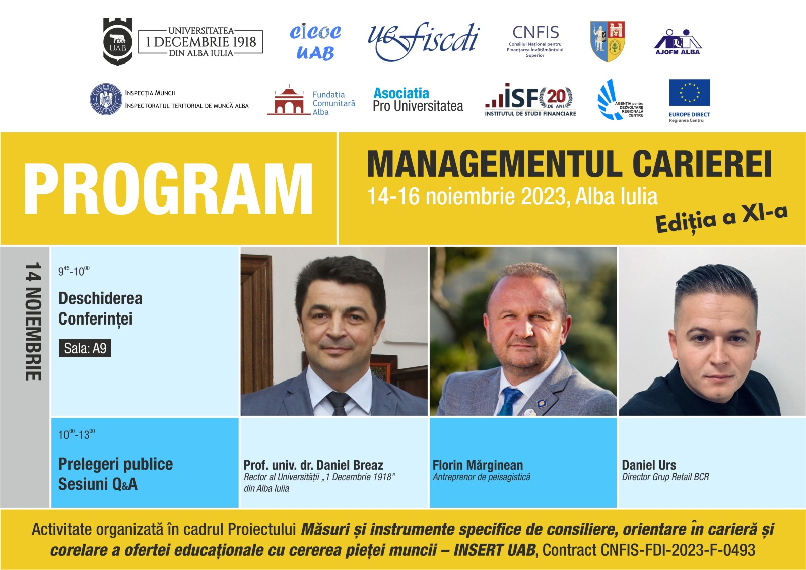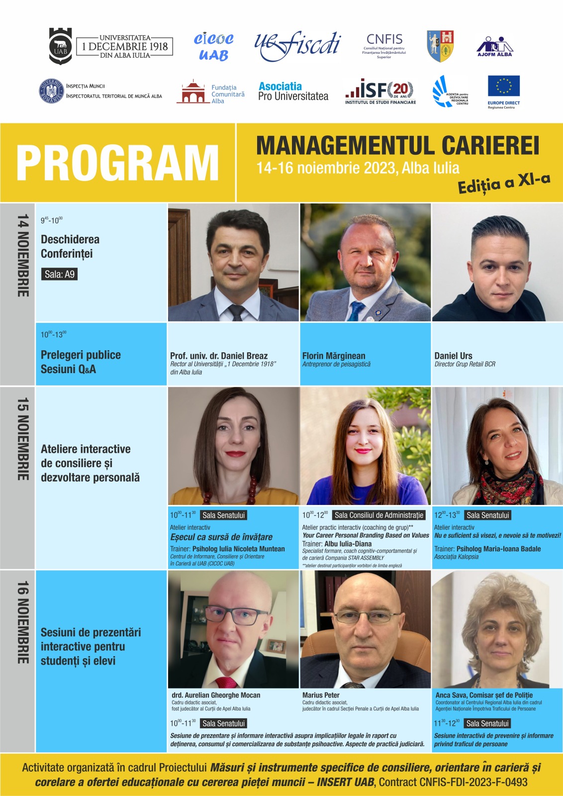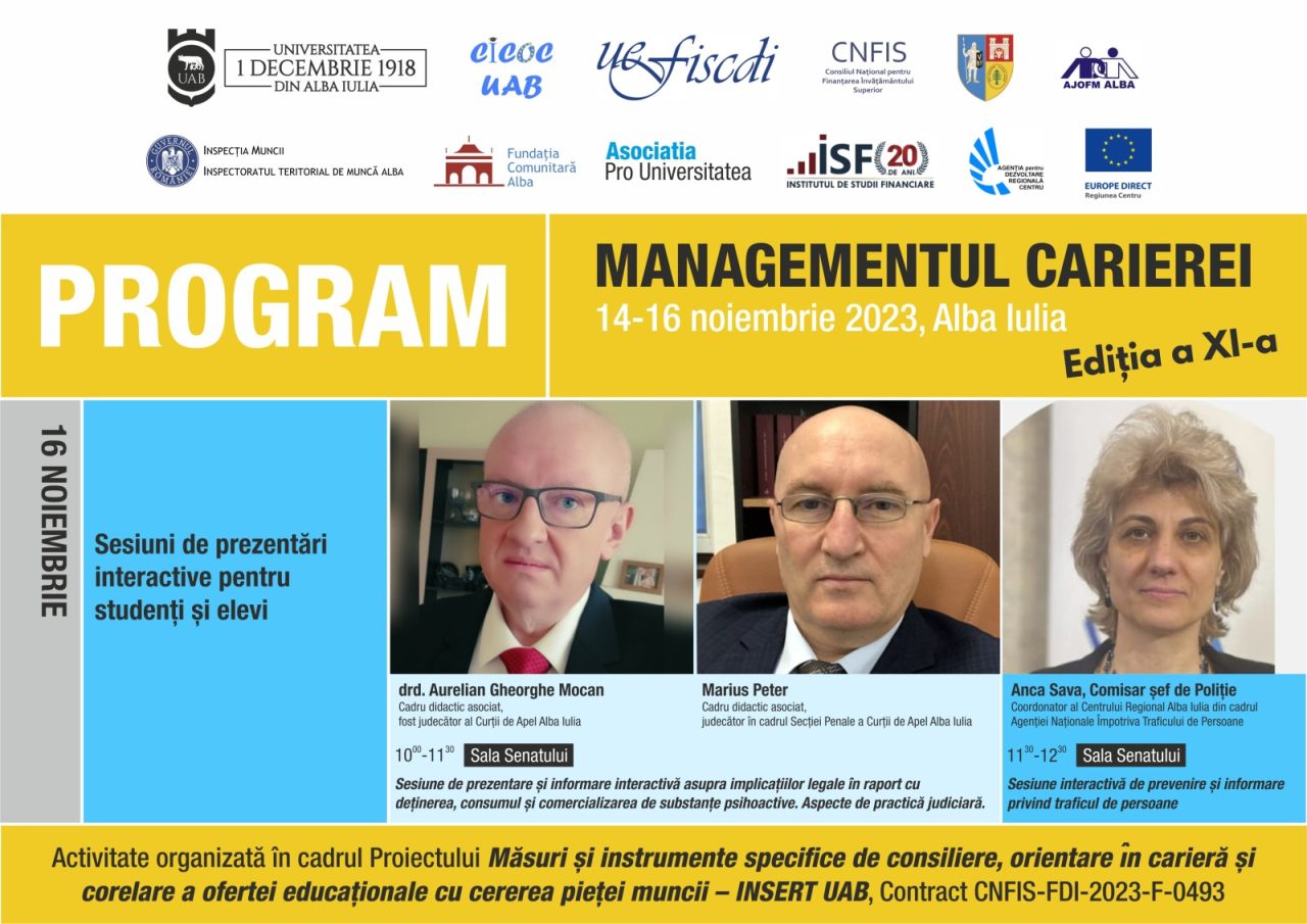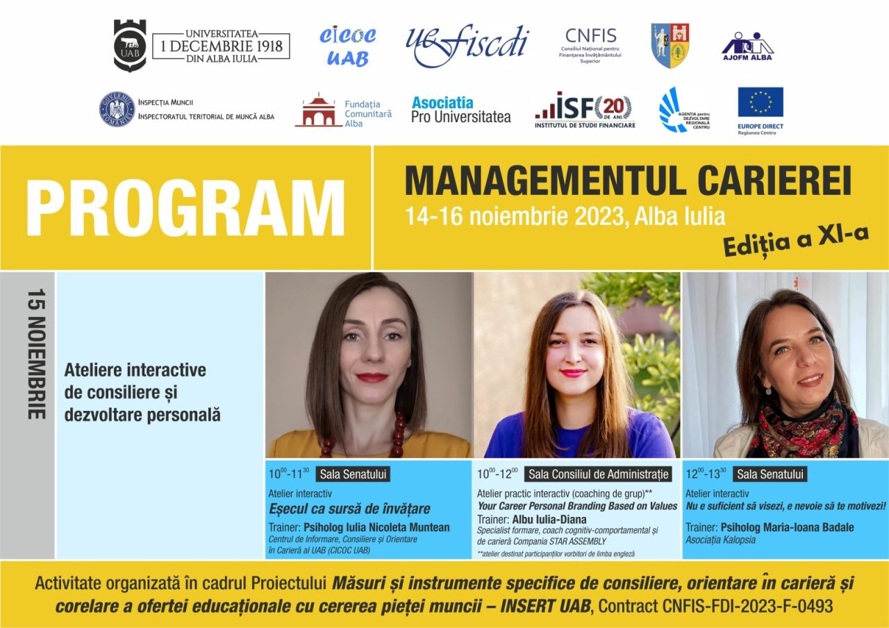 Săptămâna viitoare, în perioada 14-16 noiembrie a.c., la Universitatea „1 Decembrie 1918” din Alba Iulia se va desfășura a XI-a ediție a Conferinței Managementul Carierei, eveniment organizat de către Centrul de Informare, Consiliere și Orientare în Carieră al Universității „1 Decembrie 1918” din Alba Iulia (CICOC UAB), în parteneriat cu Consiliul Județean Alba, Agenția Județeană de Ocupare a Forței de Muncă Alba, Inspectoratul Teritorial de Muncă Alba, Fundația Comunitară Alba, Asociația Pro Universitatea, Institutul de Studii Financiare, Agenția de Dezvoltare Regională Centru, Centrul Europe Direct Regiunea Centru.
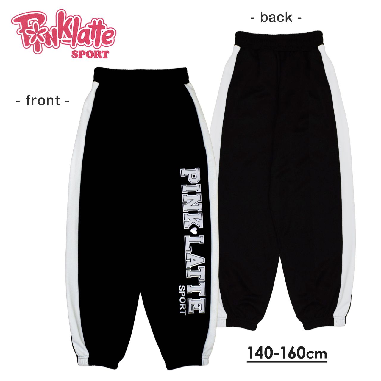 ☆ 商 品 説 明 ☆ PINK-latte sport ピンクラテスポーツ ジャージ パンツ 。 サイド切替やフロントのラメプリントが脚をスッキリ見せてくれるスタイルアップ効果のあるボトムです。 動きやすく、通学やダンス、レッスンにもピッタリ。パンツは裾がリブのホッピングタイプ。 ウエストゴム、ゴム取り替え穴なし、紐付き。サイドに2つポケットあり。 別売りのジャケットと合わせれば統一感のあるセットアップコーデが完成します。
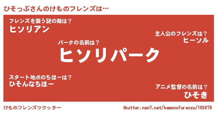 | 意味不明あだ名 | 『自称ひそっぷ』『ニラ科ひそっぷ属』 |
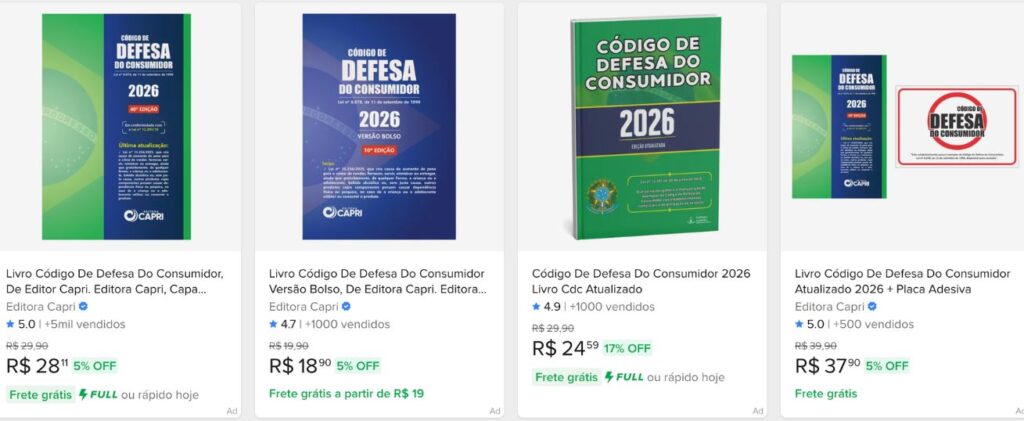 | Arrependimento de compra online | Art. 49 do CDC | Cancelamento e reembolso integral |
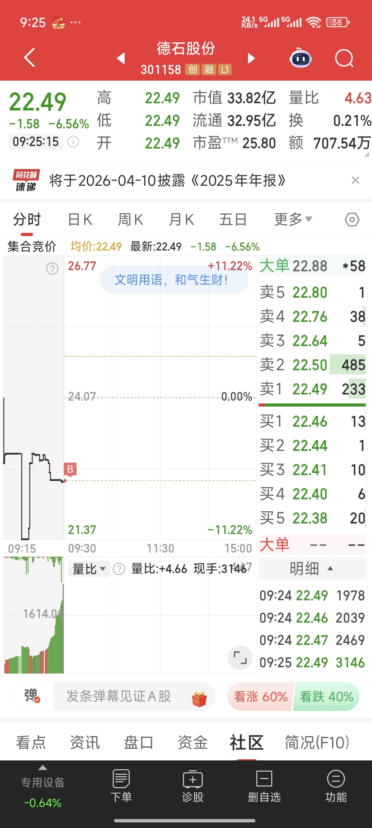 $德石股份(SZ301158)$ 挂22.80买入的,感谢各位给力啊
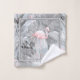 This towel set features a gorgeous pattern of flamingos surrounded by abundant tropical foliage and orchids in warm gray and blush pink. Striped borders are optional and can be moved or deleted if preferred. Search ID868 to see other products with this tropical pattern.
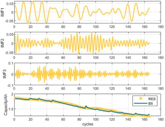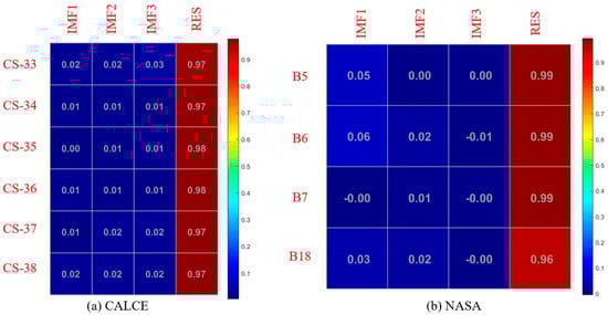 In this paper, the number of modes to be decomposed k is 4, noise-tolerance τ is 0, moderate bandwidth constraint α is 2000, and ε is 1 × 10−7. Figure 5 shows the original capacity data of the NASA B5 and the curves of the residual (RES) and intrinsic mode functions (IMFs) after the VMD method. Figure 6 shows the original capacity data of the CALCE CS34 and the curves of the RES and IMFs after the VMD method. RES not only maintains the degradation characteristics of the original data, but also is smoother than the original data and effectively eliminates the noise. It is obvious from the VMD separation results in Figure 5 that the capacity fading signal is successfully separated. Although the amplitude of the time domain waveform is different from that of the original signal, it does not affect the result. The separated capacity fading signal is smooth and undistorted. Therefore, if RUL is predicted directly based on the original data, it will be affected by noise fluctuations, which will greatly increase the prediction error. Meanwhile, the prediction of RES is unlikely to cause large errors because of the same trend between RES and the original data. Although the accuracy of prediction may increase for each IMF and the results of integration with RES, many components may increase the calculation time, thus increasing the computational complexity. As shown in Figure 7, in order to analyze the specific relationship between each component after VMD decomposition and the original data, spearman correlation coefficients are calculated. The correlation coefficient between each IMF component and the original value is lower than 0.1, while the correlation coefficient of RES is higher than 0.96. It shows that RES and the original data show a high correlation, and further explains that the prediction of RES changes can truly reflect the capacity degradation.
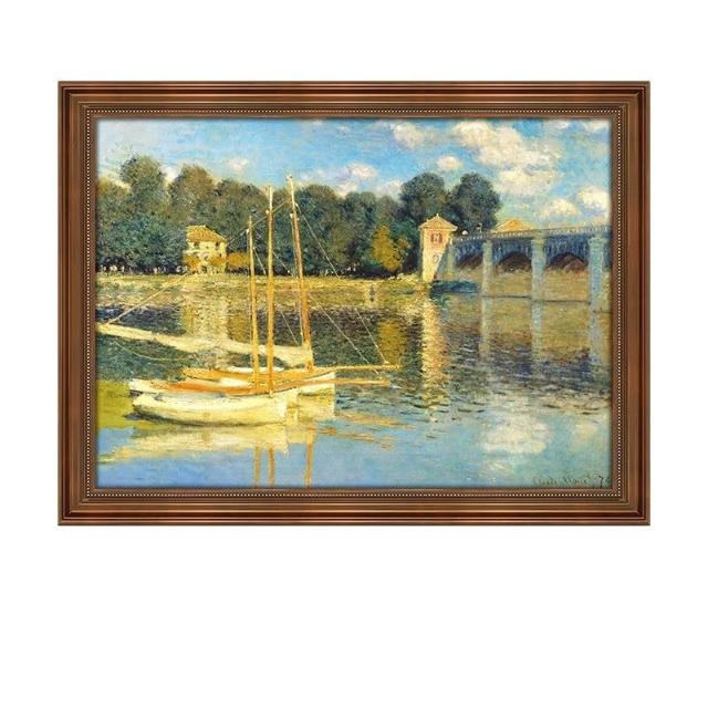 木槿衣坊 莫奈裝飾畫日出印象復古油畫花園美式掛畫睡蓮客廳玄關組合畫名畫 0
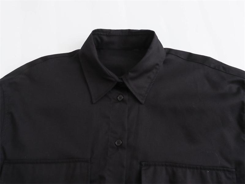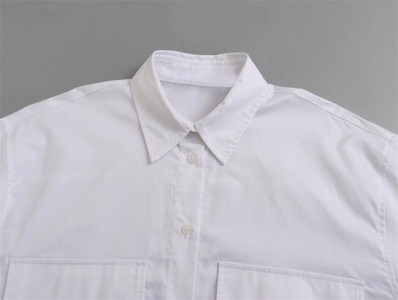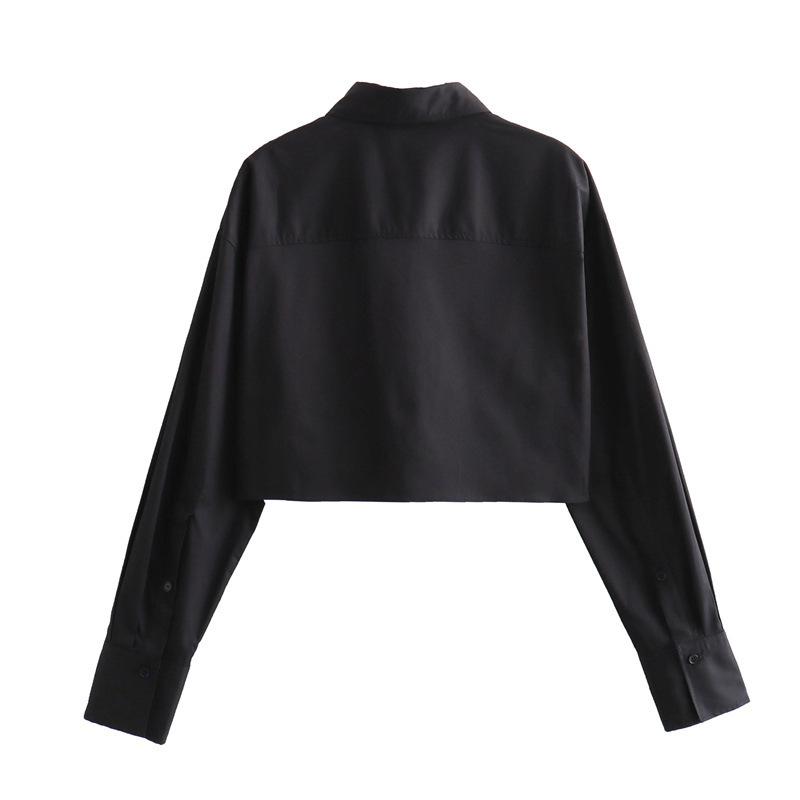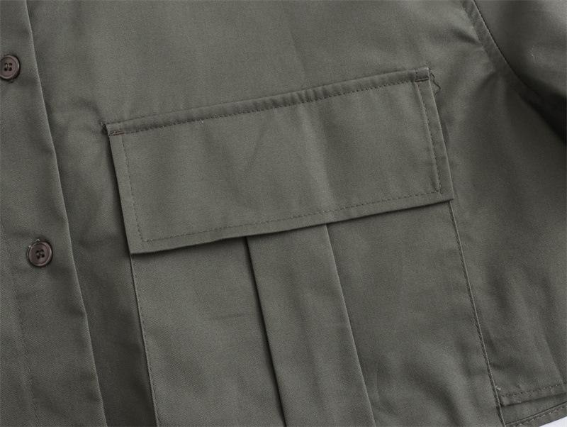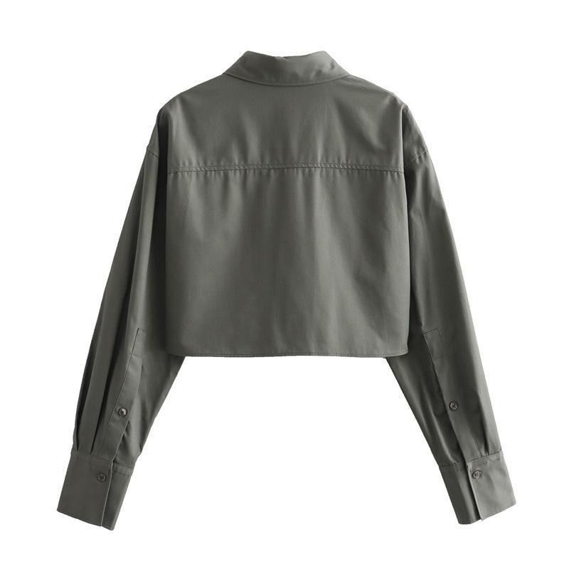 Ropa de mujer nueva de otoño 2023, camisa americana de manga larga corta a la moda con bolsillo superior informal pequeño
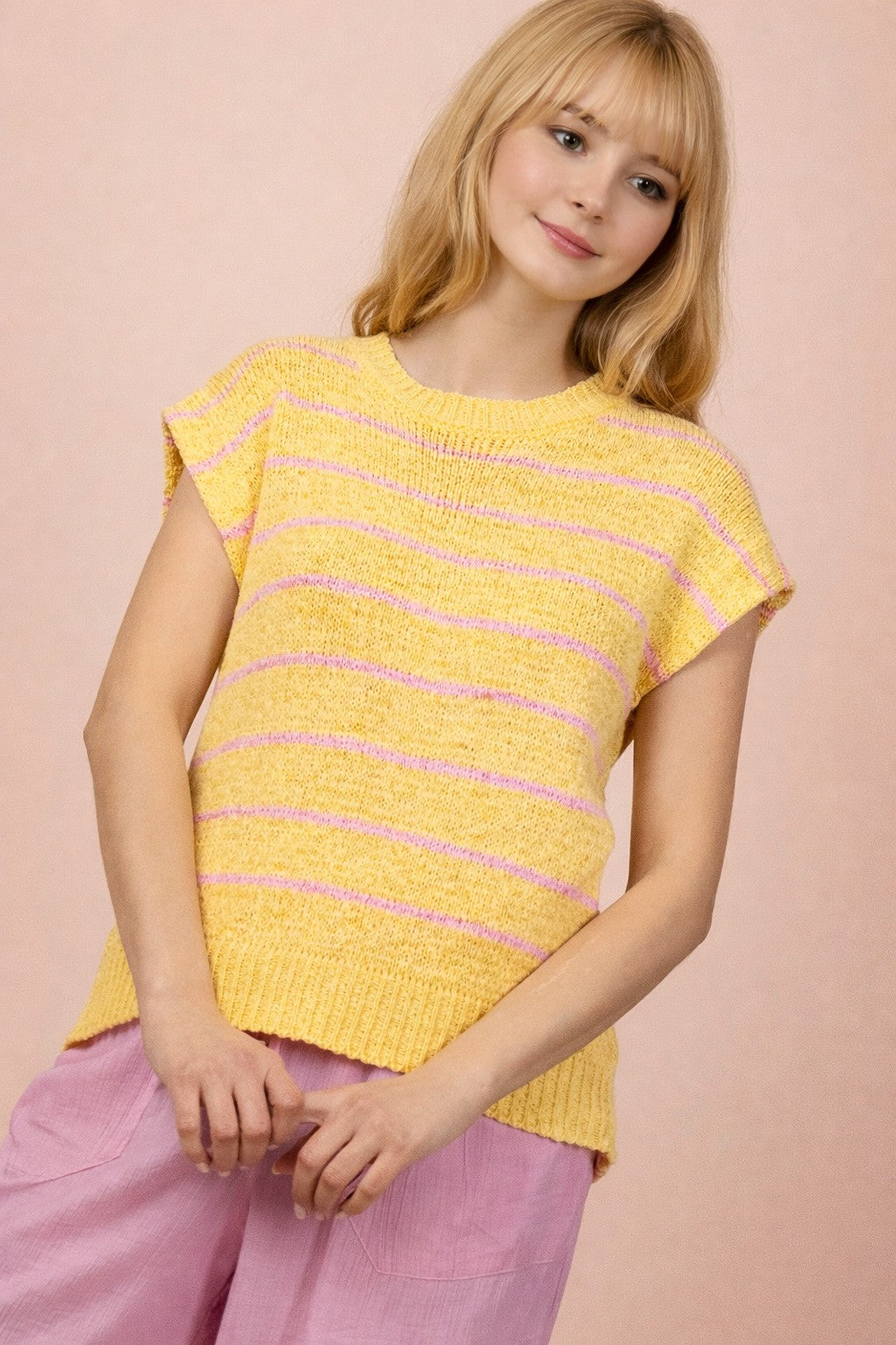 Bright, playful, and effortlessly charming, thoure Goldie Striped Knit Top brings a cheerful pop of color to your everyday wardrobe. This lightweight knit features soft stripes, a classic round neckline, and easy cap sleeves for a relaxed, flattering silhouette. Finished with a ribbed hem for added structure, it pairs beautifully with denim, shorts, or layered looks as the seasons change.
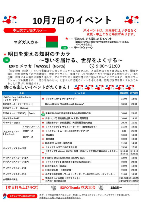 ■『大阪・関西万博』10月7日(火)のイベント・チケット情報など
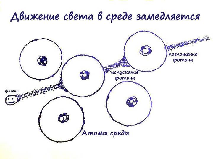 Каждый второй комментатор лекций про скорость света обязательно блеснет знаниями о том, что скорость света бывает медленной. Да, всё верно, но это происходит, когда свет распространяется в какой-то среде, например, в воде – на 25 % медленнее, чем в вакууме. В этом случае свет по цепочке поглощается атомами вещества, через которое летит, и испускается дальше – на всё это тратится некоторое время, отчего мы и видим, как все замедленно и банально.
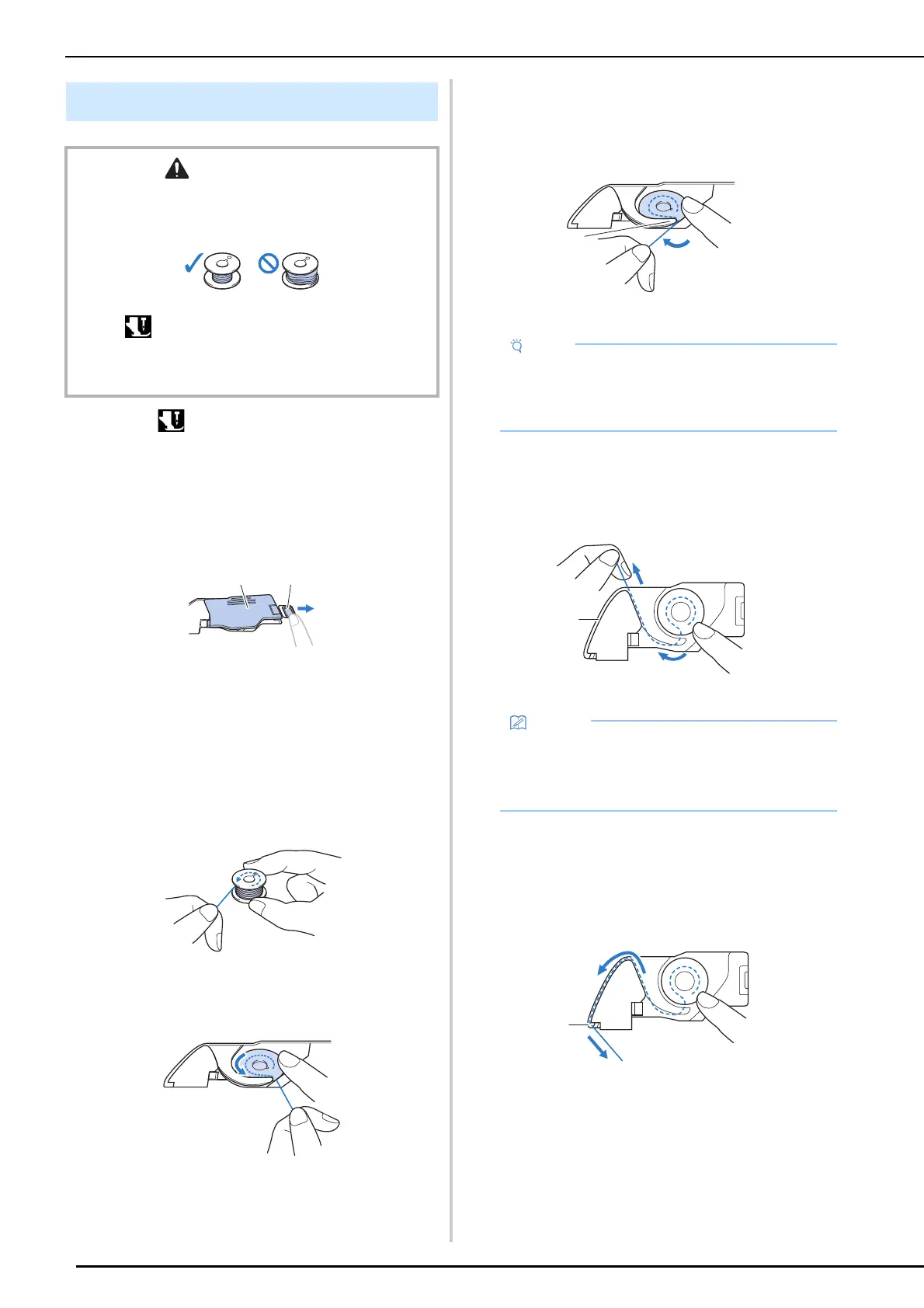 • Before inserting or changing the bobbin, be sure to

----

- **WHAT TO WORK ON**
Copy exactly, and only, the lines from the line containing "Каждый второй комментатор" through the final line of the material above, with no pictures.

- **YOUR SOLUTION**
 Каждый второй комментатор лекций про скорость света обязательно блеснет знаниями о том, что скорость света бывает медленной. Да, всё верно, но это происходит, когда свет распространяется в какой-то среде, например, в воде – на 25 % медленнее, чем в вакууме. В этом случае свет по цепочке поглощается атомами вещества, через которое летит, и испускается дальше – на всё это тратится некоторое время, отчего мы и видим, как все замедленно и банально.
 • Before inserting or changing the bobbin, be sure to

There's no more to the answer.